Usage

The Data Quality Rules repository allows you to evaluate the data quality of Solvency 2, VNS and FTK supervisory reports before you submit them to DNB. You can either apply the rules directly to the XBRL-instance that you want to submit to DNB, or you can apply the rules at an earlier stage in your reporting process.

If you want to apply the rules on internal data sets, then you have to make sure that the format of the data satisfies the data format requirement set out in Data format requirements.

If you want to apply the rules to the XBRL-instance you first need to convert the instance to Pandas files (see Converting XBRL instances to Pandas and CSV). The resulting files will be in the correct data format. We recommend to start with this option.

Evaluation of the rule sets is done by a simple command line interface. We added Jupyter notebooks with a step-by-step description of all parts of the code, in case you want to understand the separate steps and include some steps in your internal reporting process.

Currently we have three rules sets available:

All rule sets are evaluated with DNB’s data-patterns package. With this package we generated most rule sets that we have published here (based on reports that have been submitted to us).

Converting XBRL instances to Pandas and CSV

We use a command line interface to convert XBRL instance to Pandas and CSV. You can run the XBRL to Pandas and CSV converter with:

python src\instance2csv.py

The script will ask for the desired taxonomy, instance-file, output directory, and whether you want verbose column names instead of rc-codes (row-column codes). To evaluate rules you need the templates with the rc-codes. You can also run the script with command line arguments –taxo, –instance, –output and –verbose_labels.

Make sure you use the corresponding version of the taxonomy for your instance.

For each template in the XBRL instance the results are exported to a Pandas pickle-file and a csv-file.

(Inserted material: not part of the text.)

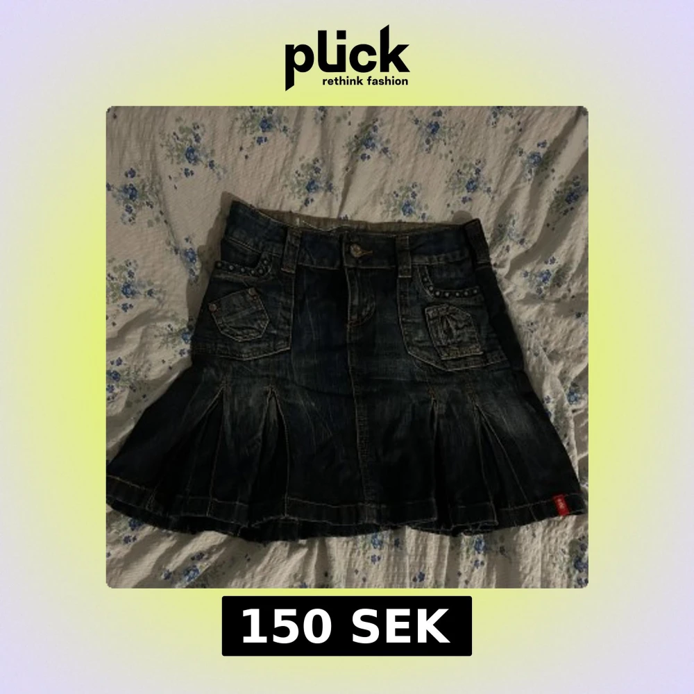 Snygg jeanskjol från edc by Esprit med dekorativa sömmar på fickorna och veckad nederkant. Jag har sytt in kjolen på sidan som ni kan se på bild 4 men det går lätt att sprätta upp. Knappen är lite missfärgad som man kan se på bild 5, men det är verkligen inget man tänker på

A Pandas pickle-file maintains the correct indices, whereas the csv does not, so if you want to access the data read the pickle-files.

The csv-files and the pickle-files are stored in a subdirectory identical to the name of the XBRL-instance (without extension).

All closed axis tables in the XBRL-instance are combined and stored in one pickle-file in the subdirectory where all pickle-files are stored (with the name of the XBRL-instance).

The easiest way to access the data of a separate template is to read the corresponding pickle-file with:

df = pd.read_pickle(filename)

Evaluating additional Rules

To run the additional rules use:

python solvency2-rules\apply1.py

You can run DNBs additional Rules for the following Solvency II reports

  • Annual Reporting Solo (ARS); and
  • Quarterly Reporting Solo (QRS)

The command line interface will ask the entrypoint (ARS or QRS), the directory where the reports (in pickle-files) are stored, the output type (confirmation, exceptions or both) and the output directory. You can also run the script with command line arguments –entrypoint, –report_dir, –output_type and –output_dir.

We distinguish 2 types of tables

  • With a closed-axis, e.g. the balance sheet: an entity reports only 1 balance sheet per period
  • With an open-axis, e.g. the list of assets: an entity reports several ‘rows of data’ in the relevant table

To evaluate the patterns we use a PatternMiner-object (part of the data_patterns package), and run the analyze function.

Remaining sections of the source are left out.